The first Gakko opened in Japan, where Koga was born and raised. Most recently, he opened a school in New York. He still practices magic, and incorporates it into his job as an educator. We spoke with Koga to talk about how engineering, education and magic intersect.

Engineering and magic, it turns out, are not so different?

How you learn magic is really fascinating, and it’s very similar to engineering. You need a lot of patience. There’s not that much literature from which you can learn – you really need to watch the YouTube videos of a magician you like over and over and over again until you get it. You think and try out ideas and fail. It’s very similar to debugging a piece of software you’ve written.

One of the things I’m thankful for in my engineering education is that I’ve learned how to design magic tricks and build illusions myself. In electrical engineering and mechanical engineering, once you know how to actually build stuff, the possibilities you have as a magician increase a lot.

What kind of things does a magician build?

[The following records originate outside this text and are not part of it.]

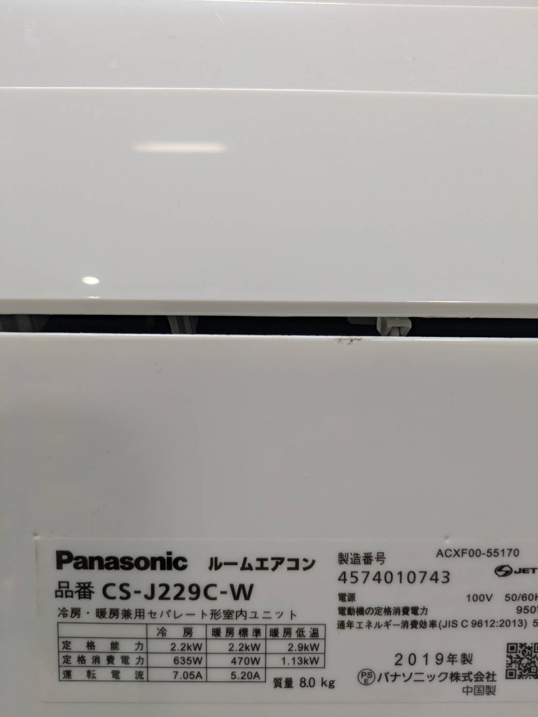 Panasonic2019年製2.2kWエアコン CS-J229C
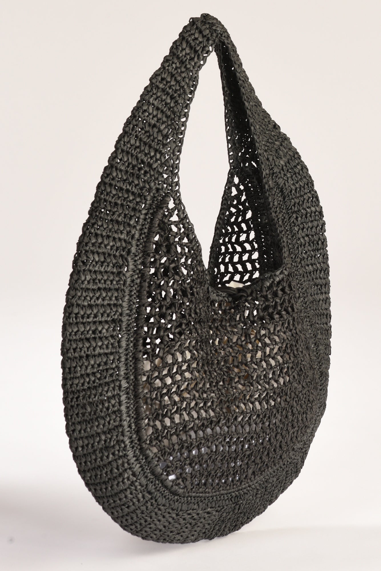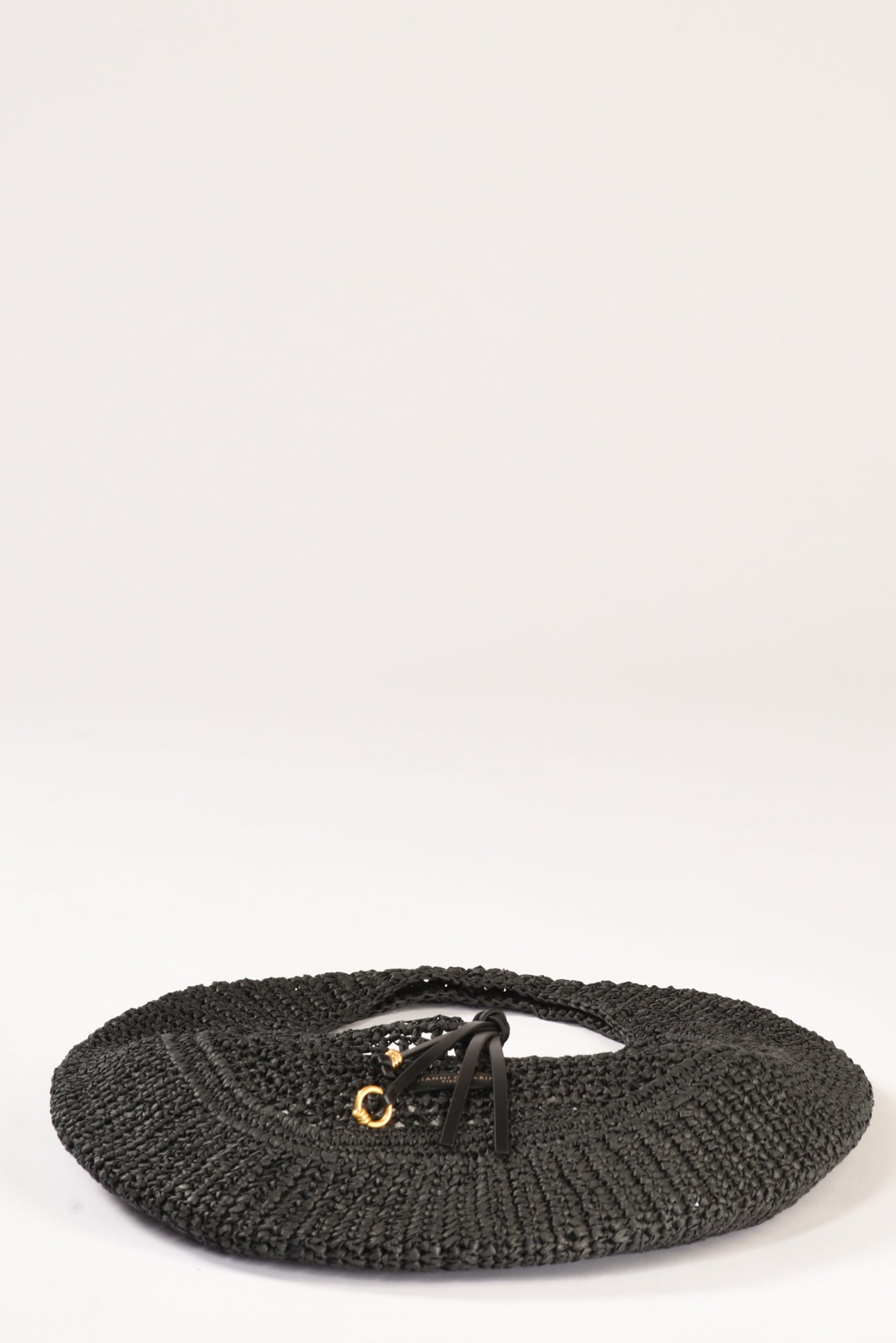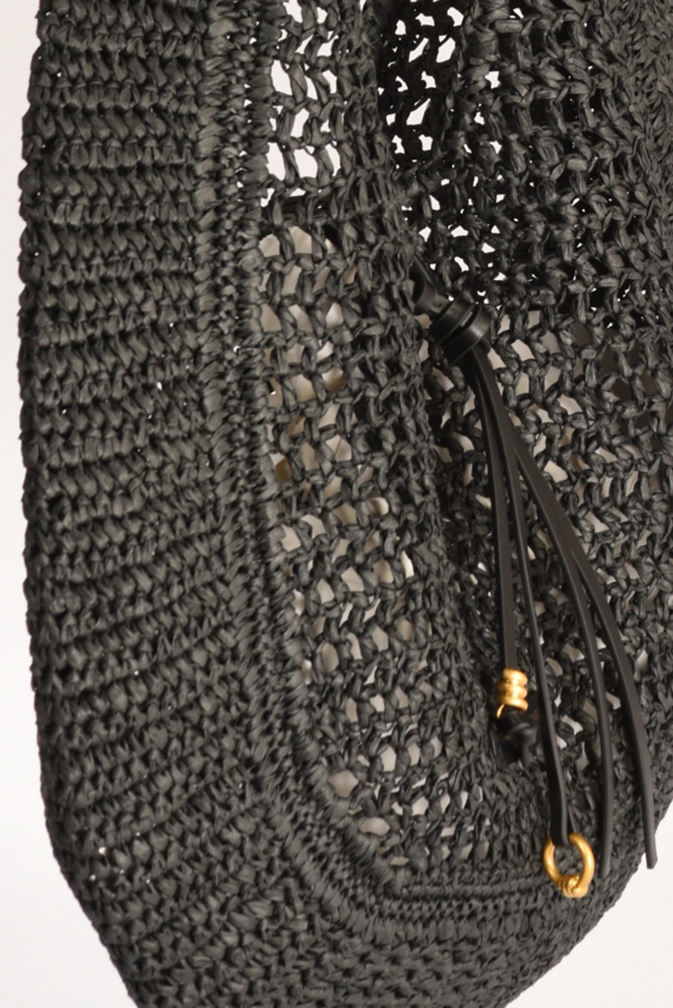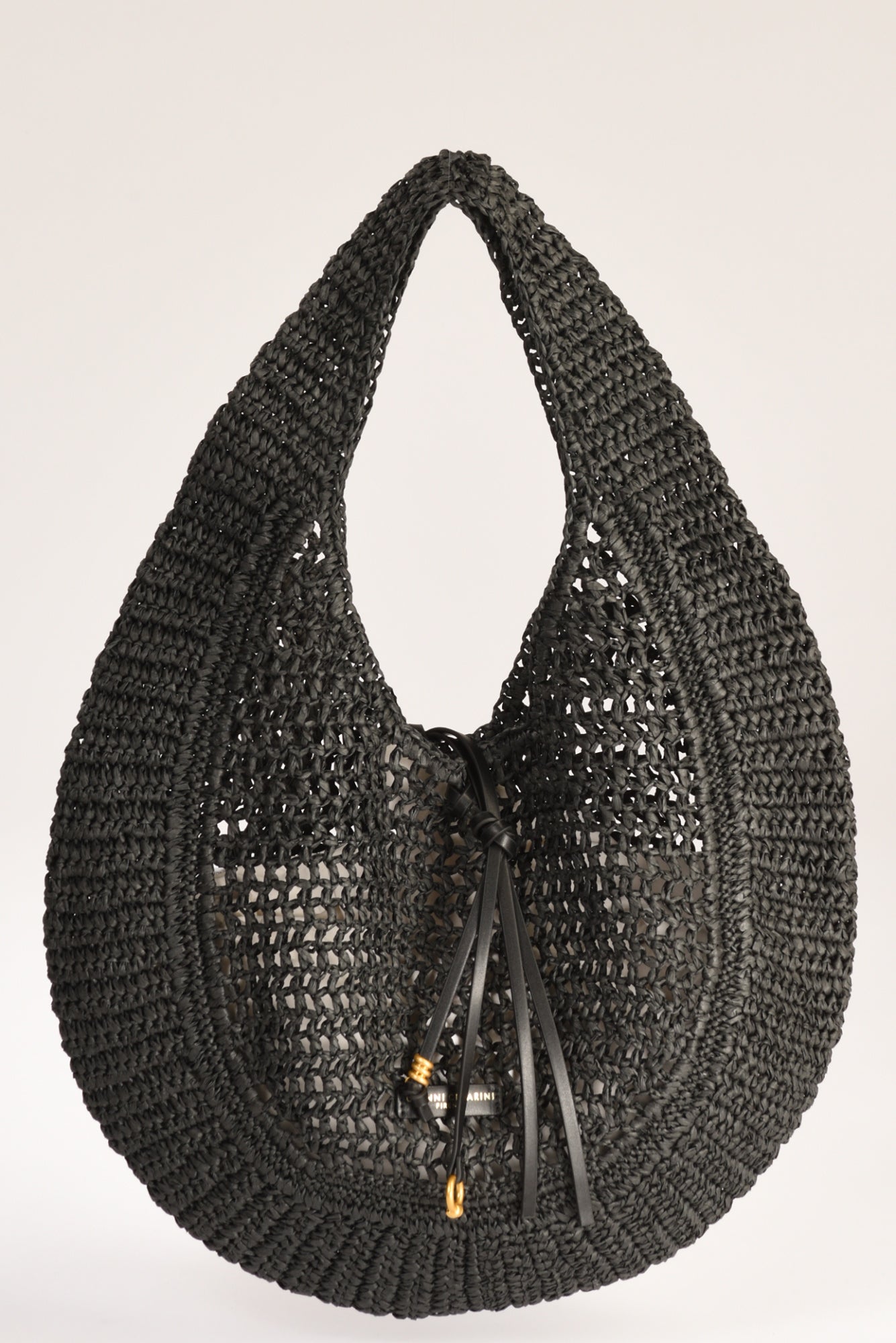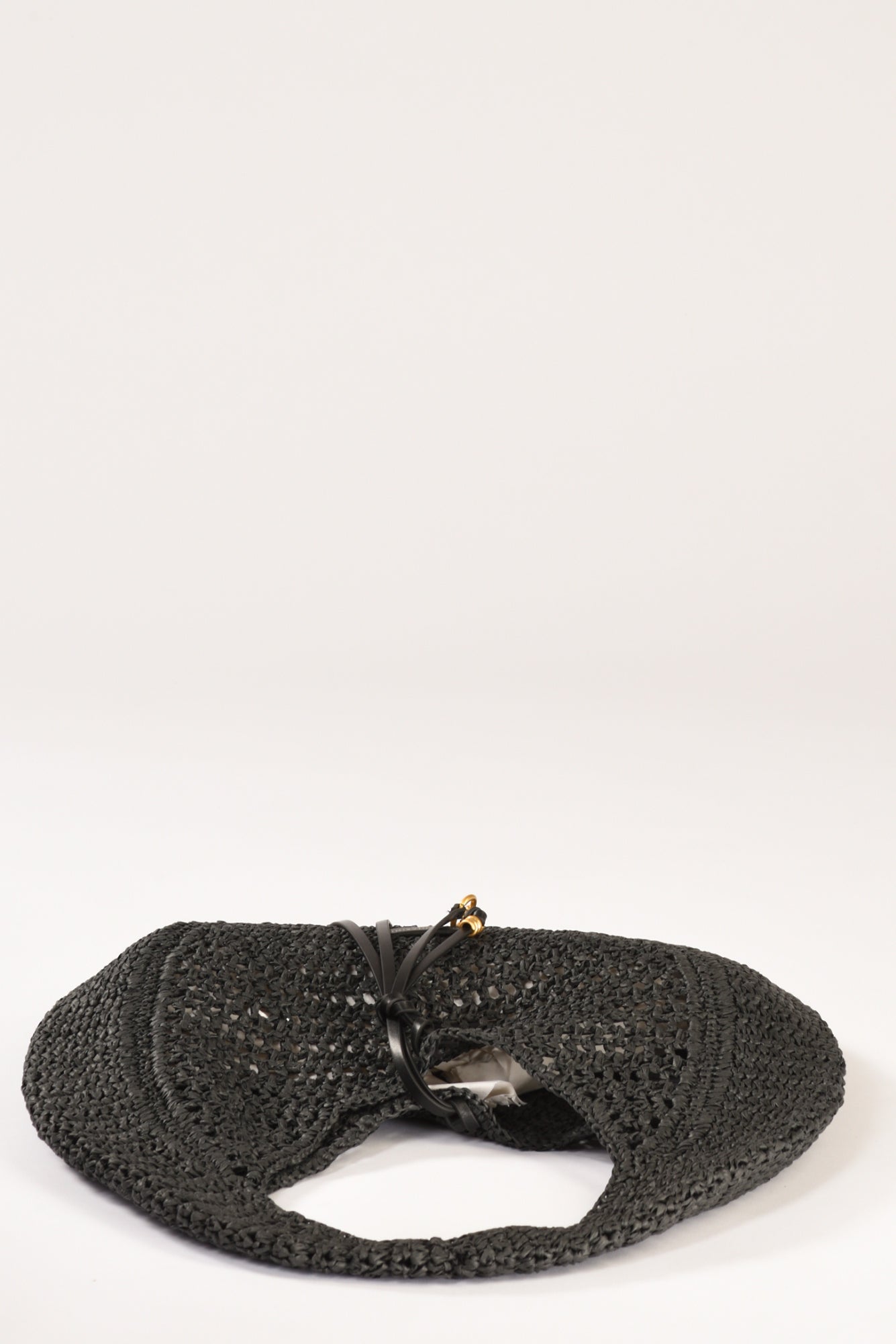 Borsa Hobo Realizzata In Paglia Crochet, Chiusa Da Cordoncino In Pelle Con Dettaglio Metallico, Dimensione Cm 43x40x12, Made In Cina, Composizione 100 Paglia
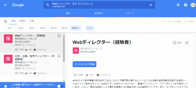 以下の画像は、実際に「Google しごと検索」に掲載された弊社採用サイトの求人のスクリーンショットです。
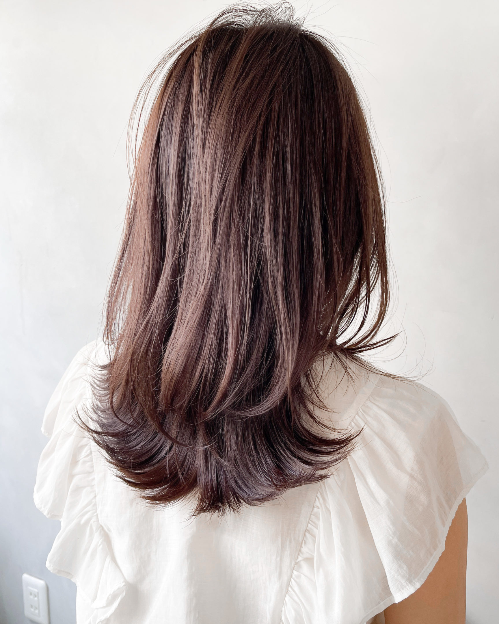 ミディアムヘアに、レイヤーをつけることでワンカールで巻いた時に動きが出やすくなっております!
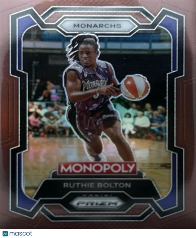 Don't miss your chance to own this standout 2024 Panini Prizm Monopoly WNBA Prizm parallel featuring Sacramento Monarchs legend Ruthie Bolton! This highly sought-after card is a must-have for any serious WNBA or Ruthie Bolton collector, and its near mint or better condition ensures it will be a prized addition to your collection. Grab this unique piece of basketball history before it's gone!
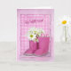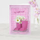 Daisy bouquet i rosa stövlar med rosa och vit gingham-bakgrund med sömnad i ram. För snart.
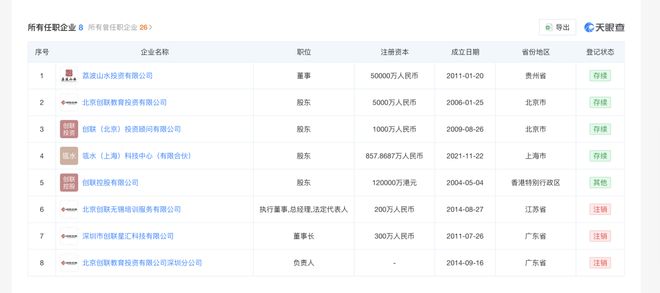 天眼查App显示,路行名下共关联8家企业,其中5家为存续状态,包括荔波山水投资有限公司、北京创联教育投资有限公司等,涉及教育投资、科技等领域,路行在上述公司担任董事或持有股份。
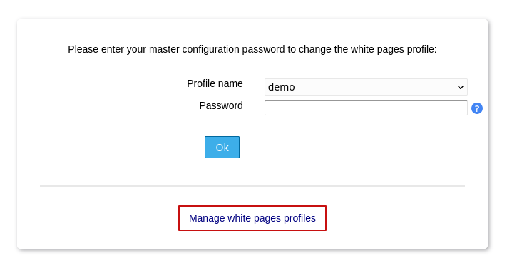 Now we need to create a new white pages profile. Click on the link to manage the white pages profiles.
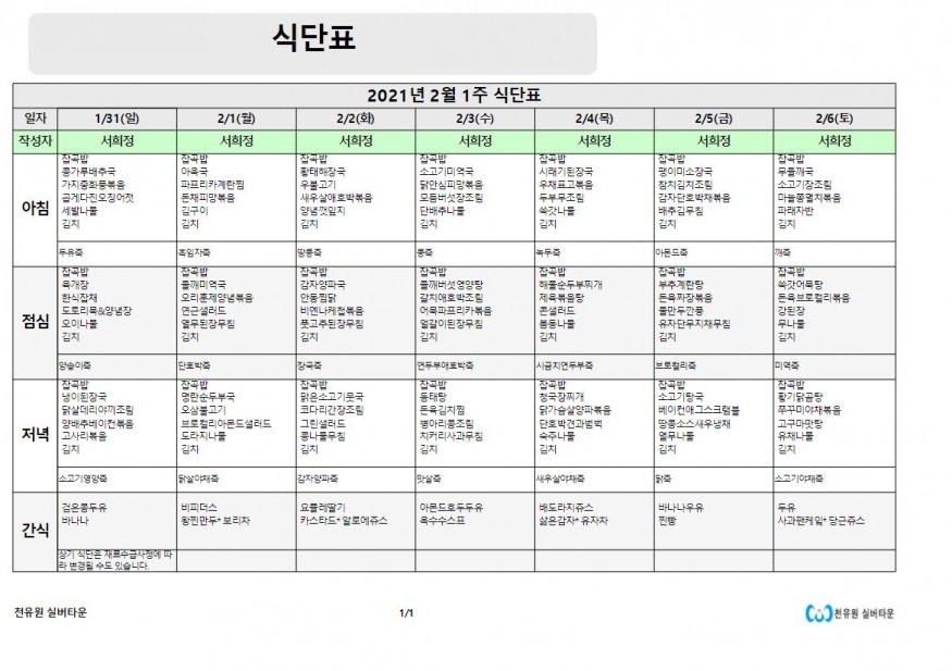 2월 1째주 식단표 페이지 정보 작성자 천유원실버타운 작성일21-02-01 08:23 조회6,475회 댓글0건 관련링크 이전글 다음글 목록 본문 2월 1째주 식단표 댓글목록 등록된 댓글이 없습니다. 이전글 다음글 목록

One example, without going into too much detail, is the building of illusion boxes. You put someone in, and three seconds later, a lion comes out. As much as that’s magic, it’s also engineering. How do you use the constraints you have? With the materials, the technology and kind of the science we know, how do you create this wonderful surprise as a final product? That’s my favorite thing about combining magic and technology.

How did Gakko start?

The first time I heard the words “summer camp” was when I got to Yale and heard my friends talking about it. It was a culture that didn’t exist in Japan, and I thought that was such an amazing thing we were missing out on. In 2010, I started fundraising with the goal of bringing that culture to Japan. In 2012, we had the very first summer camp in Japan.  

You were still a student at that point. Did that help in any way?

There are so many diverse and interesting students at Yale, I thought “Why don’t I ask them to be a teacher?” I asked each person this question: If you could become a high school teacher for one day in your life, what would you teach? Each person had an answer to that question.

It was a blast and a huge success and the people who came to teach loved it. It just kept going the next year we held again and the year after that.

Tell us about Gakko’s newest incarnation, a school rather than a summer camp, which opened in New York last month.

We started thinking “What if we could open a school where we can implement these ideas throughout the year?” We started conceiving this idea of opening a school in New York for after work or during the day. We invited seasoned professionals to take a few years off their lives to create an educational program of their dreams. We’re starting with a musician and a computer programmer.

We said to them ‘You’ve performed at Carnegie Hall, and won an Grammy award, but looking back, how would you design and put together an educational program to study and learn? How would it be different from the way Julliard would teach? To the computer programmer, we asked “What would be the dream program that you wish you experienced when you were learning to code?”

It’s a 10-week program that gives access to the space and has all the tools that you need. Part of the inspiration for it comes from the Center for Engineering Innovation and Design (CEID), where in addition to the programming that’s happening every day, it’s kind of a workspace where you can go and make whatever you want to make with the tools that are there.